To use ‘Holy Forever’ as an example, it actually spans 11 notes of the scale which means it’s only just going to fit into that congregational range. Therefore, there’s not much ‘wiggle room’ – there’s only going to be one or two keys for that song that are going to work best for the whole congregation. In this case, we opted for A (G Capo 2), which means the lowest note we’re singing is A below middle C and the highest note is D.

 

A lot of songs have a range of an octave, (Build my Life, for example) which means there are more key options available to choose from. Some songs have an even smaller range and are therefore even more flexible. Elevation Worship’s ‘Trust in God’ has a range of 5 notes!

 

When I’m preparing, I usually check in with my husband and son to make sure the keys I’m choosing feel comfortable for them too.
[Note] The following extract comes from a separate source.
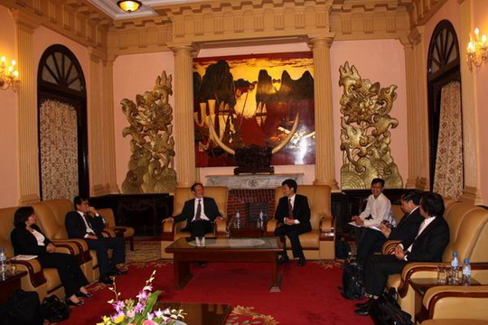 会见中,阮工业副部长首先介绍了越南农业和农村发展的情况。他在介绍中指出,中国在三农问题上的很多经验正在被越南学习和借鉴,他本人在十年前就农业和农村发展问题专程到中国农村进行了考察。他认为,中国的“离农不离乡”的农村发展经验非常值得越南学习。越南推动农村和农业发展政策的核心内容之一是增强农民的发展能力。阮副部长在介绍中还提出,越共七届一中全会提出三农问题后,陆续加大了对农村和农业发展的支持力度。越南财政将拿出20亿美元支持农民创业,计划全国选出60个最贫穷的县作为试点,通过财政和金融政策予以扶持。越南政府还提出开展新农村工业建设,学习中国建设社会主义新农村的理念和做法,首先在11个村进行试点,年末试点工作结束后,将在全国50%的村普及试点村的经验。在谈到农村和农业发展中的问题时,阮副部长指出,全部由中央政府提供资金的做法可能存在问题,现在正在考虑由中央政府、地方政府和农民个人共同分担的方式。阮副部长最后提出,几乎对所有国家来说,农民都是最苦的群体,越南非常希望中中国学到支持三农的财政机制。

For our worship team, we maintain a list of songs that represent our current repertoire – ranging from the brand-new to ‘golden oldies’ that we still treasure and return to. The list includes what we, as a team, consider to be the best congregational keys for each song – which makes it a very useful tool to have on hand when preparing worship times, especially if you’re considering linking any songs.

 

Taking the time to sit down together as a team of worship leaders and working out the best keys for songs, before you introduce them, is the best way forward.

 

There is a pastoral element to worship leading – it’s so important that we care deeply about the people we are leading in worship and that we, as lead worshippers, can be as helpful as we can in facilitating corporate worship. And taking the time to choose song keys that best serve our congregation as a whole plays a big part in that.